Title:In-silico Identification and Analysis of Hub Proteins for Designing Novel
First-line Anti-seizure Medications
Volume: 20
Issue: 6
Author(s): Pawan Kumar, Deepak Sheokand, Vandana Saini and Ajit Kumar*
Affiliation:
- Toxicology & Computational Biology Group, Centre for Bioinformatics, M. D. University, Rohtak, 124001 India
Keywords:
Epilepsy, mechanism of action, network biology, protein-protein interaction, FDA, STRING.
Abstract:
Background: Epilepsy is a seizure-related disease with different symptoms and types, depending
on the origin and propagation region of the brain. There are several marketed anti-seizure medications
(ASMs) available for choice of treatment by clinicians but there is a huge paucity of ideal first-line
ASMs.
Objective: The present study was undertaken to identify and get an insight into the major target (hub)

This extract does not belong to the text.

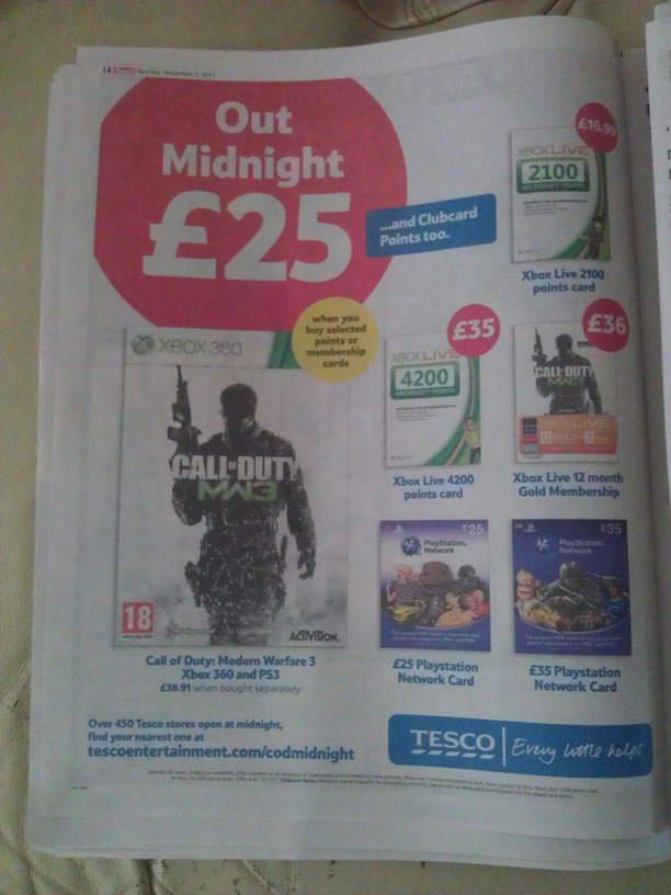 Tesco will also do a midnight launch are offering Modern Warfare 3 for £25 on PlayStation 3 or Xbox 360 if you also buy one of the following. 2100 Xbox points for £16.99, 4200 Xbox points for £35, 12+2 months Xbox Live £36, £25 PSN card or £35 PSN card.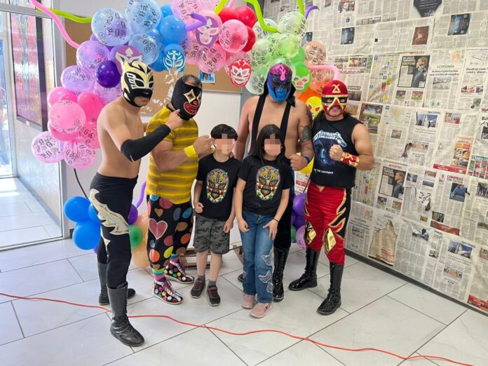 Este sábado 25 de abril, en el edificio ubicado en el bulevar Zaragoza #672, se convirtió en una arena de lucha libre para los niños que asistieron a la celebración, en donde disfrutaron de música en vivo, la exhibición de lucha libre, además de comer dulces, pizza, y pastel.

proteins, which can be comprehensively used as a platform for designing first-line ASMs.
Methods: Large-scale text mining was done to generate a data warehouse of available ASMs and their
MOAs, followed by the identification of specific isoforms of target proteins for designing next-generation
ASMs, using network biology and other in-silico approaches.
Results: The study resulted in the identification of 3 major classes of target proteins of major ASMs and
their specific isoforms, namely – GABA receptors (GABRA1, GABRB1, and GABARAP); VGSC (α-
subunitSCN2A (Nav1.2)) and VGCC (α-subunitCACNA1G (Cav3.1)). The identified proteins were also
observed to be concurrent with the target sites of majorly sold ASMs currently.
Conclusion: The predicted hub protein families and their specific isoforms can be further validated and
comprehensively used to design next-generation novel first-line ASM(s).